Quando surgiu uma vaga de auxiliar de serviços gerais, ela entrou em contato com a pastoral e, em dois dias, Silvestre já estava trabalhando. "Ele é muito comprometido. Acho que a pessoa é mais comprometida com o trabalho quando tem um objetivo. Ele não quer só ganhar dinheiro, quer crescer na vida", afirma Jacomel. "Não tenho outra vaga no momento, mas se abrisse, contrataria outro imigrante, com certeza."
Conseguir um emprego é a prioridade de todos os estrangeiros que vêm ao Brasil em busca de melhores condições de vida, mas nem sempre alcançar o objetivo é sinônimo de felicidade. Alguns deles sofrem com a sobrecarga de tarefas e as más condições de trabalho. Um dos estrangeiros afirma ser grato ao emprego que tem, mas se sente explorado e queixou-se à reportagem que mal tem tempo de tomar água durante o expediente e que o patrão trata os funcionários com rispidez. "É muito puxado. Não tenho tempo de comer ou de tomar água. Saio de casa bem cedo, volto de noite e mal consigo ver a minha família."

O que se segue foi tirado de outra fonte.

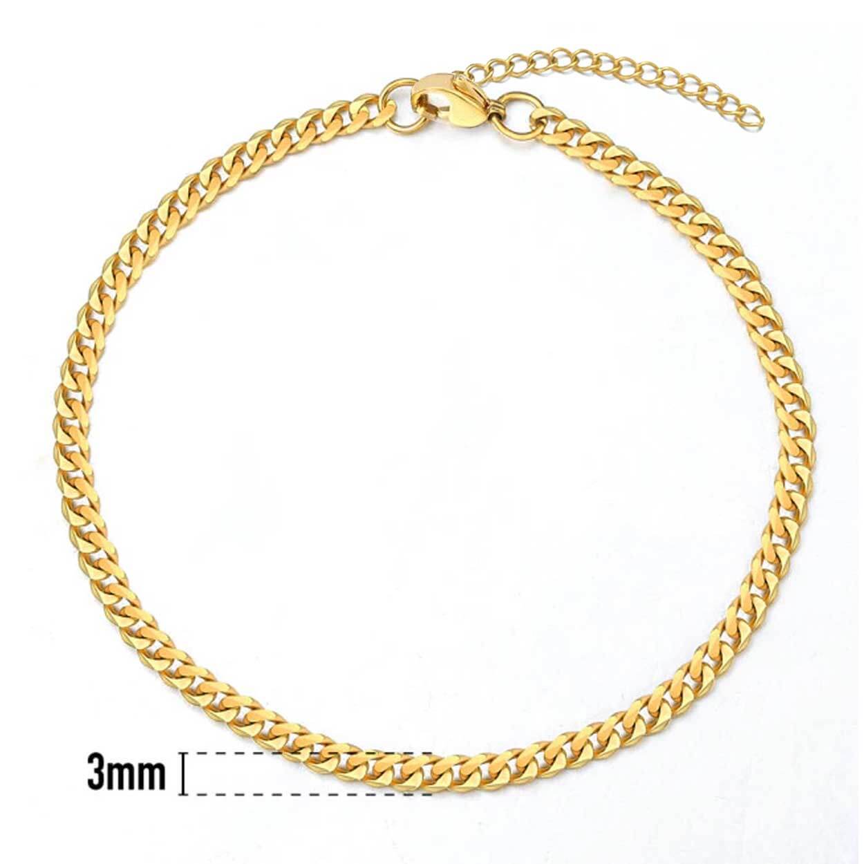Pansarlänk armband i rostfritt stål med guldpläterad yta och en smal kedjebredd på 3 mm. Längden kan justeras från 18 till 23 cm, vilket gör det enkelt att få en stabil och bekväm passform på handleden. Konstruktionen i stål ger en tålig känsla och passar för daglig användning, både ensamt och tillsammans med andra armband. Kedjelänken ger ett tydligt uttryck utan att ta över, och fungerar lika bra till vardags som till mer uppklädda tillfällen.

Apesar do ritmo de trabalho exaustivo cumprido diariamente, a vida no Brasil ainda é melhor do que no Haiti. "No Brasil temos mais segurança", compara.
Burocracia dificulta formalização
A angolana Rita João Bondo, 27, veio para o Brasil há quatro anos para concluir a faculdade de administração de empresas. Depois de fazer alguns trabalhos como freelancer, em maio de 2017 conseguiu uma colocação como estagiária no Café com Propósito. Ela vê o atual emprego como uma oportunidade de crescimento. "Cheguei aqui sem saber nada e vejo que evoluí", disse. "Como futura administradora, estou em um bom trabalho, que requer um empenho de minha parte. Também posso ver como é empreender na base, me dá uma visão mais ampla."

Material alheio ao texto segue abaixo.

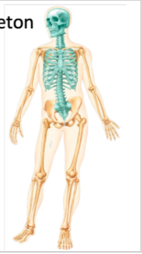 3 major regions: skull, vertebral column and thoracic cage
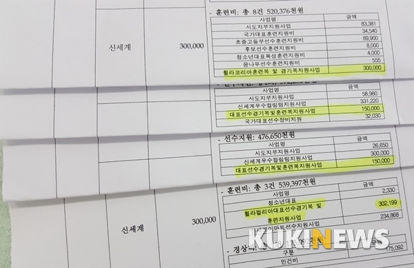 컬링연맹은 2012년 9월부터 휠라코리아와 후원 협약을 맺고 무상으로 훈련복 및 경기복을 지원받았다. 지원 품목은 경기복, 훈련복, 가방, 신발, 런닝화 등이다. 협약 후 컬링 대표팀은 평창동계올림픽을 비롯한 각종 국제대회에서 휠라 경기복을 입고 뛰었다. 결국 컬링연맹이 ‘대표팀 경기복 및 훈련복 지원사업’으로 기재한 9억원은 허위인 셈이다.

No café, Bondo desempenha várias atividades, desde o atendimento aos clientes até funções administrativas. A oportunidade, lembra ela, só surgiu porque correu atrás. "Não foi só sorte. Eu fui atrás, estava preparada e aceitei a oportunidade quando ela apareceu. Não foi de mão dada."
Bondo convive com outros cerca de 50 angolanos que também residem em Londrina e acompanha a dificuldade de boa parte deles para conseguir um trabalho formal. "Trinta por cento deles estão na luta. É muita burocracia para ter carteira assinada. A maioria é freelancer."
Grávida de oito meses, em maio a angolana deve se afastar do trabalho para licença-maternidade, mas pretende retornar à atividade após o fim da licença, mas não mais como estagiária.
A proprietária do café, Tatiana Bittencourt Moraes, tenta vencer a burocracia para conseguir a documentação necessária para formalizar o contrato de Bondo. "O contrato dela é de um ano e vence em 30 de maio. Estamos tentando fazer a formalização."
Moraes contou que a iniciativa de oferecer uma oportunidade a uma estrangeira partiu da própria experiência, que já viveu no exterior e, para se manter em outro país, realizou atividades que nunca tinha feito aqui no Brasil. "Eu me vi nessa situação, na qual as pessoas precisavam ter paciência comigo e me deram essa oportunidade. Eu quis ajudar. E a Rita é muito dedicada, nunca falta e é super honesta e de confiança."